The government's attitude is not encouraging, and Parliament should ask a few questions.

It is telling that a standoff between the judiciary and the executive should play out in open court, with the Chief Justice of India presiding, days before Independence Day. “Don’t try to bring this institution to a grinding halt... That’s not the right thing to do,” CJI T.S. Thakur stated in despair on Friday. Trouble has been brewing for some time. While the government has made shallow promises, it has done little to fill judicial vacancies, and lakhs of cases are piling up in the high courts and the Supreme Court (to say nothing of the lower courts).

As the CJI said, high courts are functioning at 40 per cent of their sanctioned strength, and people are having to spend years in jail without trial for want of judges.
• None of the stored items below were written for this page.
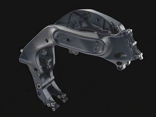 A hátsó rugóstag horizontálisan helyezkedik el, sőt, a lengővillától a váz felé még lefelé áll. Az eredeti koncepciómotor még különlegesebb volt, ott ugyanis a motorblokk bal oldalán futott volna a rugóstag, a lengővilla és a blokk elejére csavarozott segédkeret között. Ezt végül elvetették, de az egyhengeres, filigrán kistesó, az MT-03 szériában hasonló megoldást kapott. Én ezt nem bánom, talán túlzás lett volna.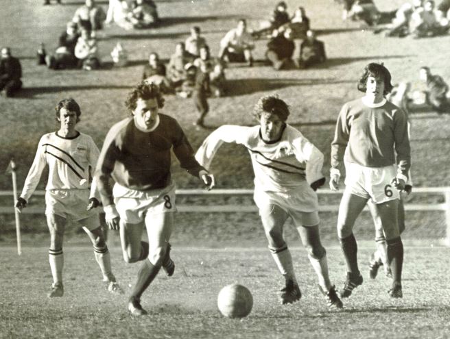 Socceroos Attila Abonyi and Alan Ainslie (dark shirts) playing at suburban Drummoyne Oval Sydney in 1971 : Photo – Anton Cermak Col Curran (dark shorts) who gave up the chance of overseas professional football to forge a very successful career in Australia : Photo – Anton Cermak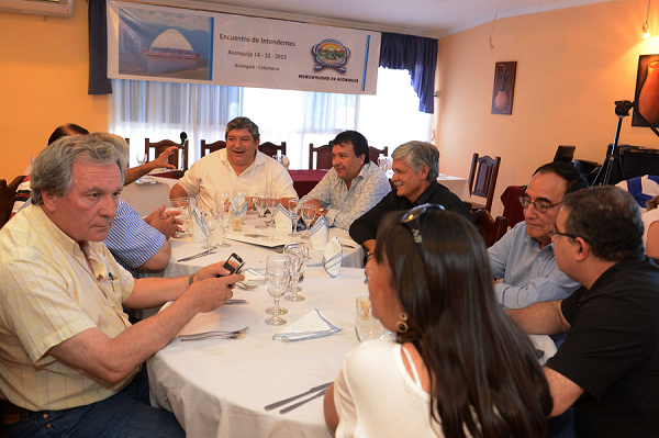 Tras la recepción de los intendentes y demás autoridades visitantes, en distintas mesas de trabajo se llevan a cabo reuniones donde está siendo analizada la problemática provincial y se elaboran los contenidos preliminares del acta final, cuya lectura se hará en el cierre del encuentro alrededor de las 18 de hoy. Al mediodía se realzó un almuerzo, durante el cual el intendente Espinosa tuvo a su cargo las palabras de bienvenida. A las 14.30 está prevista la continuidad del encuentro de intendentes y funcionarios provinciales que concluirá con la divulgación de un pronunciamiento conjunto.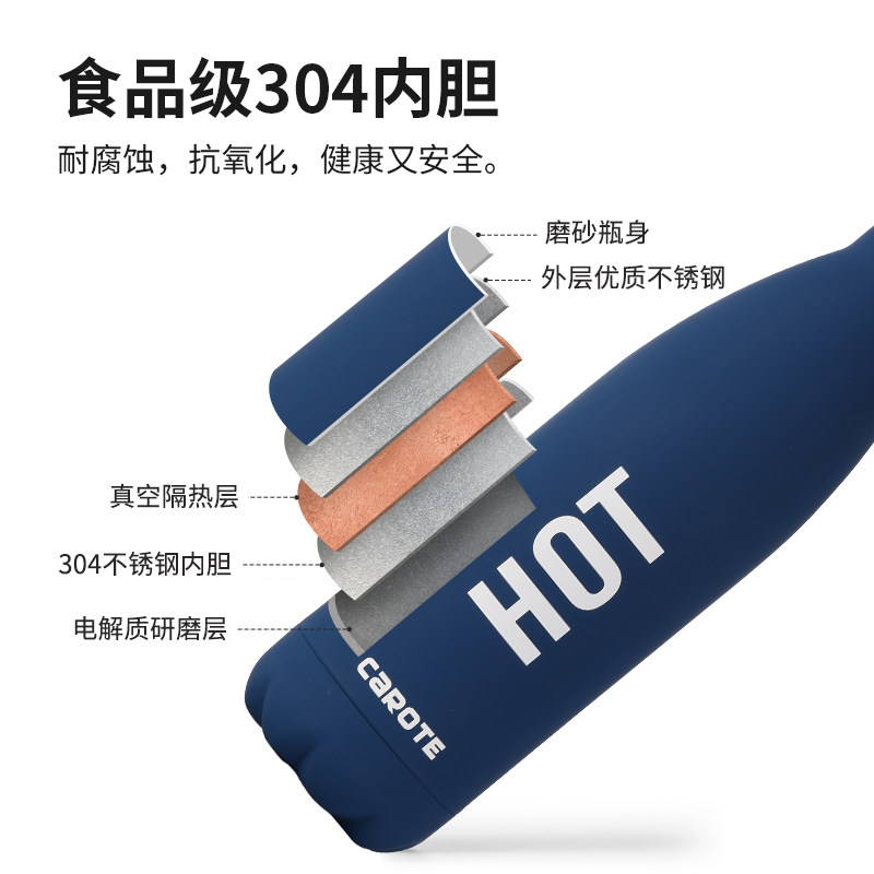 卡罗特保温杯大容量女高颜值便携简约水杯男士不锈钢杯子学生专用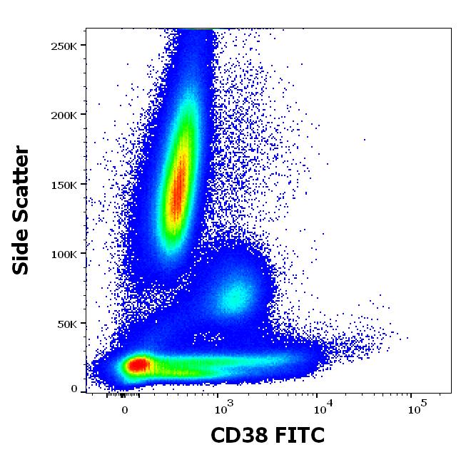Mouse monoclonal anti-human CD38 FITC antibody (clone HIT2) in concentration 0.5 µg/ml in stained stained blood sample (2 x 10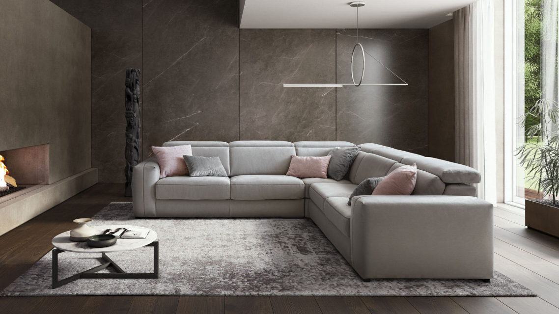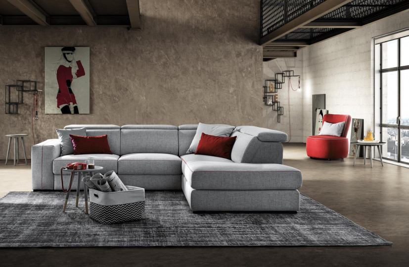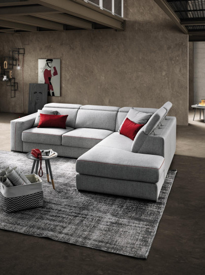 Energetic unison of connecting geometries, Astor is a particular combination of sliding seats and an adjustable headrest designed to mimic the depth of the lateral chaise longue, while an unexpected zig zag seam livens up the armrest.

In dealing with a PIL by a retired Army officer, a three-judge bench headed by the CJI bluntly told attorney-general Mukul Rohatgi that the names of 75 judges for posting to various high courts had been sent to the government in February, March and April but the government had not moved. “Where is the file stuck?” the CJI asked.

Justice Thakur said if there were any adverse reports against a judge, the government should let the Collegium headed by him know. The government is silent. The court said it is hesitating at this stage to “intervene judicially”, and the A-G pleaded with the CJI not to issue notice to the government. The CJI asked the government not to stonewall transfers and postings at the high court-level merely because the memorandum of procedure was still being worked on.

With Prime Minister Narendra Modi in the audience at the conference of high court and Supreme Court judges in Delhi last April, the CJI wept as he pleaded for speedy filling up of judicial vacancies. Not doing so impacts democracy, he noted. Mr Modi chose to intervene and haughtily asked judges to cut their vacation time and work harder, drawing an unprecedented response from Mr Thakur, who observed that members of the higher judiciary wrote judgments when out on vacation with their families.

Clearly, the file hasn’t moved since April. There is another important instance of insult to the judiciary. In April 2015, Mr Rohatgi sought to upbraid then CJI H.L. Dattu for not helping give effect to the implementation of the National Judicial Appointments Commission Act and had the temerity to suggest that the CJI was “triggering an avoidable constitutional stalemate”. The government’s attitude is not encouraging, and Parliament should ask a few questions.